In April 1928, Dr. and Mrs. Hopwood returned to LC to celebrate the 25th anniversary of its founding. The Hopwoods were joined by a number of their former students as well as alumni who graduated from 1911 to 1927. Founders’ Day, always observed in mid-April, became our official homecoming. During the early 1930s—in the depth of the Great Depression—few alumni participated in Founders Day. After Dr. Riley Montgomery assumed the presidency of Lynchburg College in 1936 and the financial health of the College began to improve, the number of alumni returning to campus began to increase—then World War II erupted.
After the end of the war, Founders’ Day became one of the focal points of the academic year. Every year the student body elected a “king and queen” from among the members of the senior class, and each of the other classes chose two representatives for the court. On the Saturday afternoon of Homecoming-Founders’ Day, a play was held on the steps of Hopwood Hall before the “coronation.” These presentations were always funny, filled with music and often mildly critical of the administration. I wrote three of them while I was a student, and during the production of “Alice in Collegiate Wonderland” in 1962 I had the chance to get to know one of the artistic directors a bit better—I married her four years later!
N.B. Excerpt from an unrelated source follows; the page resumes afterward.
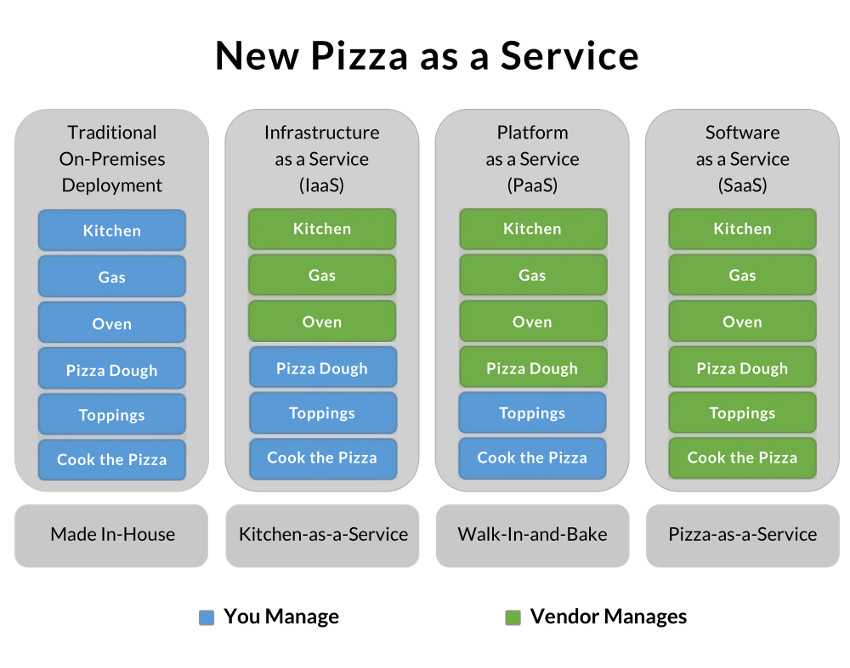 你可以从头到尾,自己生产披萨,但是这样比较麻烦,需要准备的东西多,因此你决定外包一部分工作,采用他人的服务。你有三个方案。
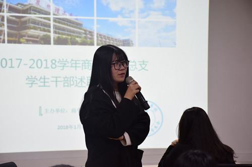 1月7日,商学院团总支在第二会议室组织召开2017-2018学年商学院学生干部述职报告会。

On Saturday night, the Homecoming Dance was held in Memorial Gym—now the Hall Campus Center Ballroom. It was a first-year class project. Our youngest students planned the event, raised the money to purchase the decorations and transformed the gym for one short evening. Most of the members of the dance committee were so tired by the time they finished their work that they did not attend the event!
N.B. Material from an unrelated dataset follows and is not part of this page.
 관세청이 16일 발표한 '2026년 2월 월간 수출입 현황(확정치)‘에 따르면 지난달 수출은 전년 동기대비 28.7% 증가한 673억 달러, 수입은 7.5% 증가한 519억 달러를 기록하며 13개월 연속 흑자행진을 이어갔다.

In the 1960s, interest in pageants and princesses began to wane, and Dr. Brewer decided to change the emphasis and date of alumni gatherings. Founders’ Day in mid-April was retained for older alumni, but Homecoming was moved to October and younger alumni were encouraged to come back to campus. For almost fifty years this has been the way we have revisited our past.
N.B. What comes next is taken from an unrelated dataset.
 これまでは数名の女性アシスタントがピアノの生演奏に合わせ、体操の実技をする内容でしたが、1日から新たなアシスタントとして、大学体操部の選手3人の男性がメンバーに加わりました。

Personally, I find Homecoming to be a melancholy moment in the academic year. Of course, we live in the here and now, but as the years pass memories become more important. Thus, I prefer to remember my former students as they were when I taught them. I always recognize the voices, but twenty, thirty, forty or fifty years will transform us all. Now that they are beginning to join the Westover Society—I taught members of the class of 1966—I am not able to escape my past! The weather last weekend was perfect, so I trust everybody had a great time, and that you have memories to last a lifetime.